Experimental Procedures
For astrocytes and neurons, experiments were conducted in a balanced salt solution to mimic an artificial cerebrospinal fluid (aCSF) prepared as previously described (Alano et al., 2004). The aCSF contained 3.1 mM KCl, 134 mM NaCl, 1.2 mM CaCl2, 1.2 mM MgSO4, 0.25 mM KH2PO4, 15.7 mM NaHCO3, and 2 mM glucose. The pH was adjusted to 7.2, whereas the solution was equilibrated with 5% CO2 at 37°C. Osmolarity was verified at 290–300 mOsmol with a vapor-pressure osmometer (Wescor, Logan, UT). The cardiac myocytes were studied in a HEPES-buffered solution containing 120 mM NaCl, 5.4 mM KCl, 1.2 mM MgSO4, 1.2 mM NaH2PO4, 5.6 mM glucose, 5 mM NaHCO3, 10 mM HEPES, 2 mM CaCl2, and 1 mg/mL fatty acid-free bovine serum albumin at a pH of 7.4.
Exposure to N-methyl-N′-nitro-N-nitrosoguanidine (MNNG) occurred at 37°C in a 5% CO2 atmosphere for astrocytes and neurons and in a 1% CO2 atmosphere for cardiac myocytes. The PARP inhibitor 3,4-dihydro-5-[4-(1-piperidinyl)butoxy]-1(2H)-isoquinolinone (DPQ; Calbiochem, San Diego, CA) and the mitochondrial permeability transition pore inhibitor cyclosporin A (CsA; Biomol, Plymouth Meeting, PA) were administered to the cells at least 1 hr prior to MNNG exposure and were present throughout the experiment.

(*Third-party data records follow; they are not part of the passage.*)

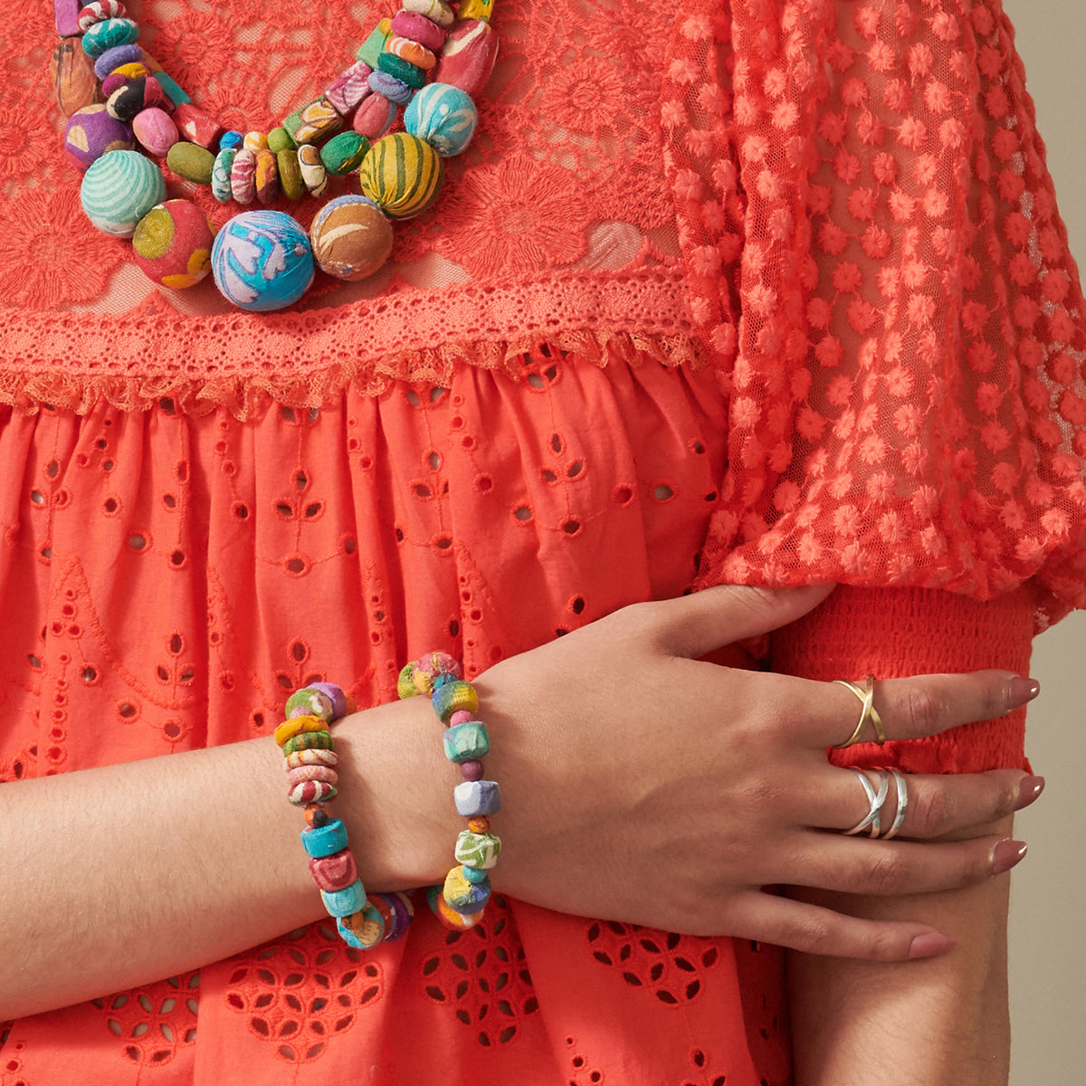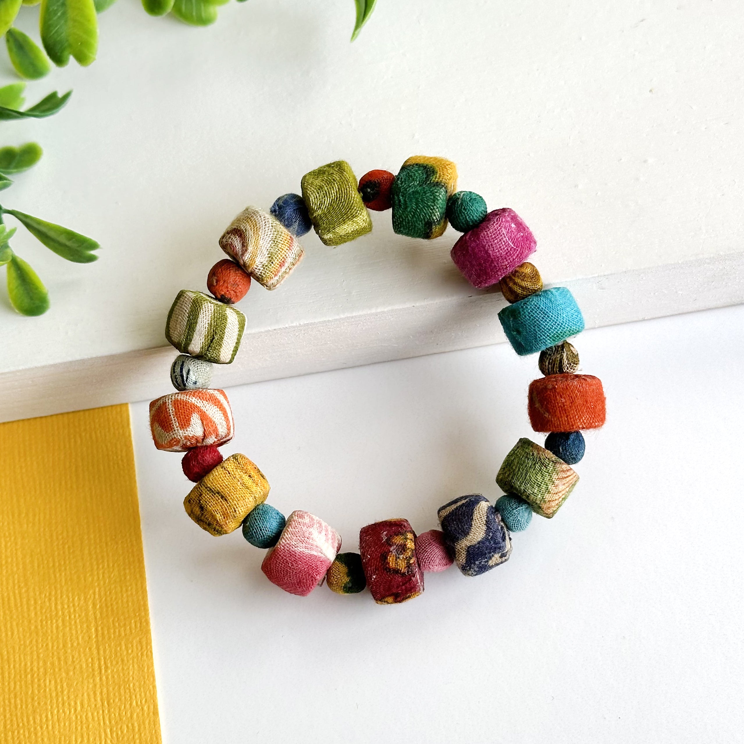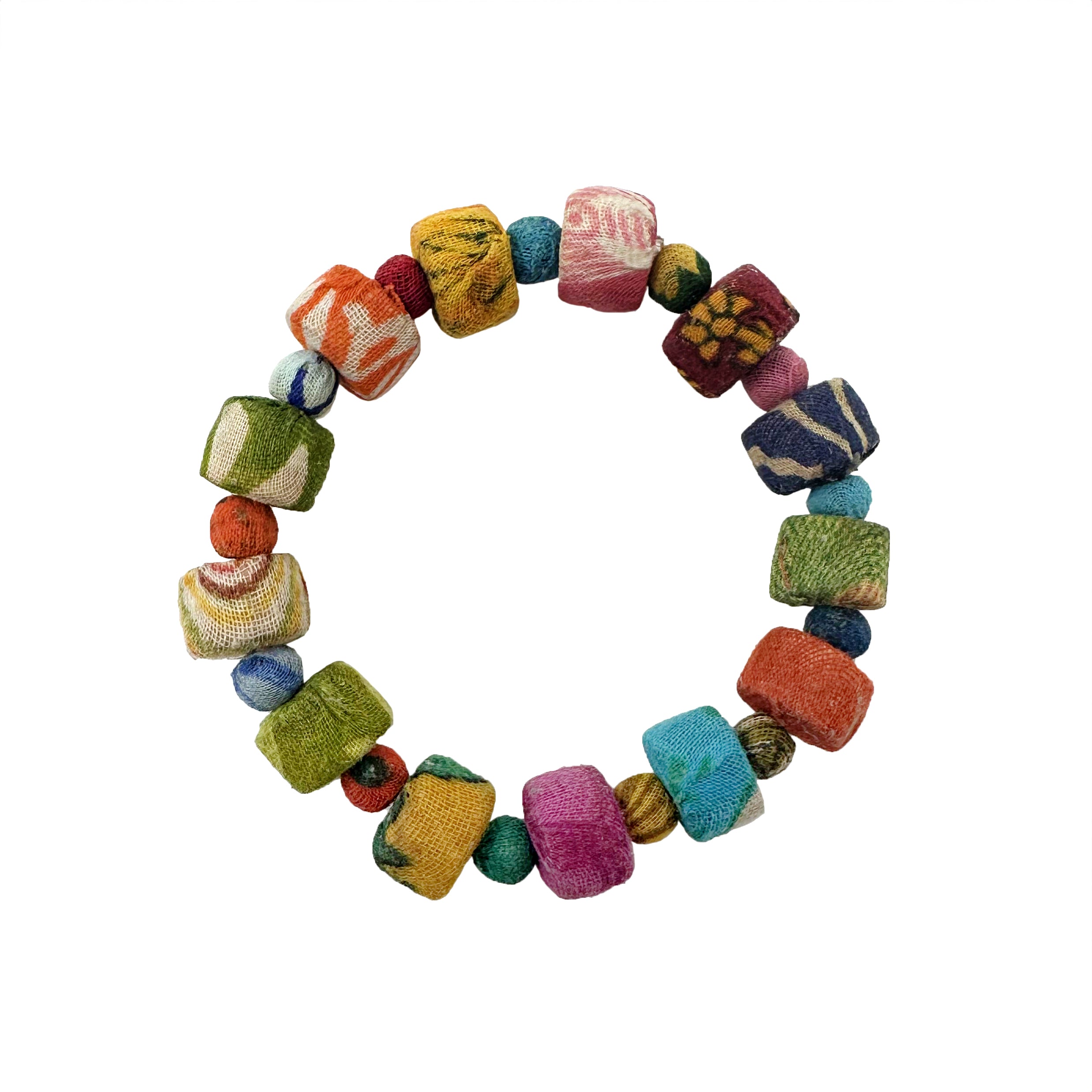 Unique wheel-shaped Kantha beads alternate with round beads to create this unique stretchy strand. It easily rolls on and off and makes a subtle statement! Crafted from repurposed Kantha textiles, the colors and patterns will vary slightly.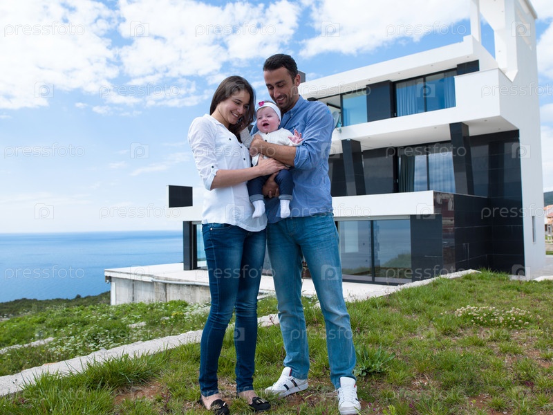 Молодая семья возле дома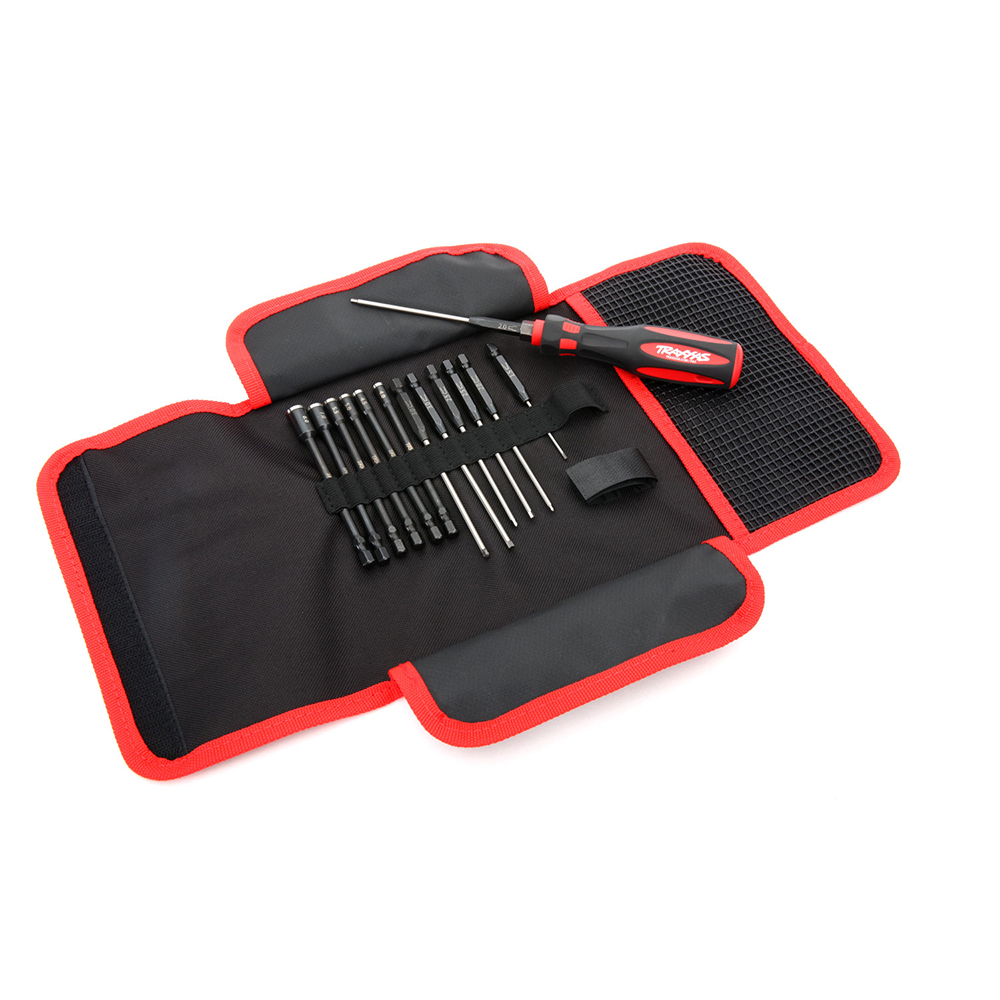 Traxxas premium tool kits are manufactured from exceptionally high quality materials to provide years of pro-level service. Precision-ground, hardened-steel hex tips fit just right, to prevent wear, rounding, and screw damage. Designed specifically for Traxxas models, these speed bit sets come in a tough, compact pouch making them ideal to take along for service in the field.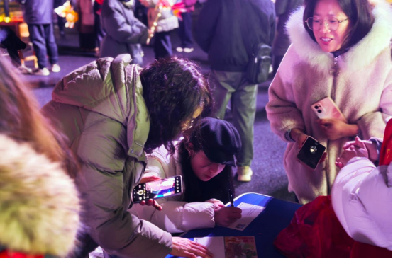 活动伊始,装扮一新的“福满状元城”公交率先登场,喜庆公交穿梭城区主干道,一路播撒年味与福气。广场入口处,福灯发放点前排起长队,鳌鱼灯、状元灯、马灯等精美手持福灯限量派送。广场一角,2026年央视春晚实时转播,精彩节目轮番上演,现场掌声、欢呼声此起彼伏。状元邮局投递箱旁,市民们执笔在明信片上写下新年心愿,或寄给未来的自己,或遥寄思念给亲人朋友,将除夕的美好期许封存在时光里。同时,活动还邀请“文小休”“武小宁”等NPC表演互动,派发状元红包,见面有礼、福气连连。

Measurements of Cell Viability
Astrocyte death was quantified by measuring lactate dehydrogenase (LDH) activity in the cell lysates of surviving cells 20–24 hr after MNNG exposure as previously described (Alano et al., 2004). Cell death in each well was calculated as a percentage using the following equation: [(1 − LDH activity)/control LDH activity] × 100, with control LDH activity defined as the mean obtained in control cells from the same multiwell plate as the test wells. Control wells were treated with medium exchanges only.
Neuron death was assayed by a protocol for determining propidium iodide exclusion as a direct function of plasma membrane integrity as described previously (Ying et al., 2002; Alano et al., 2006) and was verified by retention of calcein. Cells were treated with cell-permeable calcein-AM (2 μM, 1 min), which is deesterified in the cell by cellular esterases into a cell-impermeable and fluorescent form (calcein). Viability was assayed 20–24 hr after MNNG exposure. Propidium iodide and calcein were added to the medium, and staining was visualized on a fluorescence microscope (Axiovert 40, Zeiss Microimaging) equipped with a digital camera (Axiocam, Zeiss Microimaging), using standard filter cube sets for rhodamine (ex 550 nm, em 590 nm) and FITC (ex 488 nm, em 520 nm) for propidium iodide and calcein, respectively.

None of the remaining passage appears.